ROBIN HOOD AND HIS INDISTINGUISHABLE MEN

Finally the Great Leap Backward - because this is the kind of serial I grew up with, where there was one woman, with whom all the guest men fell hopelessly in love each week, and met with Quite Inexplicable Rejection, for the Hero never gave the Heroine so much as a chocolate kiss, let alone any commitment. Were life to resemble these serials in its sexual behaviour, humanity would have died out hundreds of years ago. Or at least shrunk to the population of the Isle of Wight.

All the regular men are quite indistinguishable from each other. I have watched this show regular-like from the start, and can barely tell the Treacherous Bastard member of the gang from the loyal 4th in command, or either from Robin. They are as monozygotic a selection as ever despatched from central casting, which may explain why the guards in Nottingham never recognise them as they stroll merrily in and out of the castle with the odd change of headwear, but always in a Large Gang. Last week, indeed, the gang managed to get all the way from Sherwood Forest, on foot, before any among them noticed that the forbidden-by-Robin Maid Marion had accompanied them. Is it mildly offensive that Robin does nothing but tie Marion up and order her about, and she has to apologise to him for disobedience, while he never does? You decide.

The chief indication of sexism, though, is that there are hardly any women in the cast. Why is Gisbourne hopelessly in love with Marion? Because there are No Options, the whole of Nottingham being empty of women. For those of you who remember your reading of The Dialectic of Sex, Ms Firestone's idea was that women's lower sex-class means that to justify partnership with them, men must believe that the One they love is Special. If Robin Hood's treatment of Marian doesn't furnish a glaring example of this, while "Jak", also a woman, is like George in the Famous Five, or a Serbian Sworn Virgin, a woman who accesses the privileges of the higher caste sex by denying her own, further illustrates it, it's hard to know what does.
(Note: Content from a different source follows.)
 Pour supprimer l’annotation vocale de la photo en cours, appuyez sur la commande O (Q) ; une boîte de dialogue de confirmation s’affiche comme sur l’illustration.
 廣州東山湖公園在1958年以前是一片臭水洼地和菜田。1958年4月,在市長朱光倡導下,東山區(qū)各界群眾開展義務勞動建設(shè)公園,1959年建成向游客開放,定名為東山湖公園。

Though the constant belittling of Much might be a further example.

Though technically male, Much is Robin's faithful servant, and does the cooking. The others treat him like a skivvy, and upon occasion throw his cooking at him. Because there are no women, Much is treated as one, and not in the way any woman would be pleased by.
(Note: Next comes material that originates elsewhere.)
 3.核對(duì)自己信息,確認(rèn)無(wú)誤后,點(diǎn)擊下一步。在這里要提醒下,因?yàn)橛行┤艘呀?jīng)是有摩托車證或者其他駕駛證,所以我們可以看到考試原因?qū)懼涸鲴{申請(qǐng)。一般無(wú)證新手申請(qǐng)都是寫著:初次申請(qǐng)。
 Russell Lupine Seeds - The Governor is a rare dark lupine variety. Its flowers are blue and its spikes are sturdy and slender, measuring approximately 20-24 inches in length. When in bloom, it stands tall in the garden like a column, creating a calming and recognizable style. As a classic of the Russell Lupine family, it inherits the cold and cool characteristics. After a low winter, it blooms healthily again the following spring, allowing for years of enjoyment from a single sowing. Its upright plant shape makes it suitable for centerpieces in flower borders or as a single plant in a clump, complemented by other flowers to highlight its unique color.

A show often stands or falls by its portrayal of same sex relationships. I stopped watching Smallville after an episode where all the "goodies" were so appalled and repulsed by a lesbian that she was deemed to be wicked solely on that premise. (This is a series shown on Channel 4. How very politically correct is that?) The fact that she was also wicked in terms of storyline helped to confirm that the programme-makers' political views really were as nasty as those of the characters.

Compare with Buffy the Vampire Slayer, a show which had one of its principal characters develop into a lesbian with no ill effects on her character whatsoever - almost as though sexuality is not any kind of moral barometer. Buffy was a radically different show, with real sophistication and depth, reflected in its character development, and it was the maturity and possibly real life experience of its makers that allowed it to be so.


In an era when in real life most half-way sensible blokes marry high-income-generating women - lawyers, doctors, architects, business-women - is this a programme which shows women or men in a way we really aspire to be? Hell no. A lack of imagination and awareness makes this a pretty poor piece in terms of politics or reflection of society. Escapism? After watching this, how I long for some.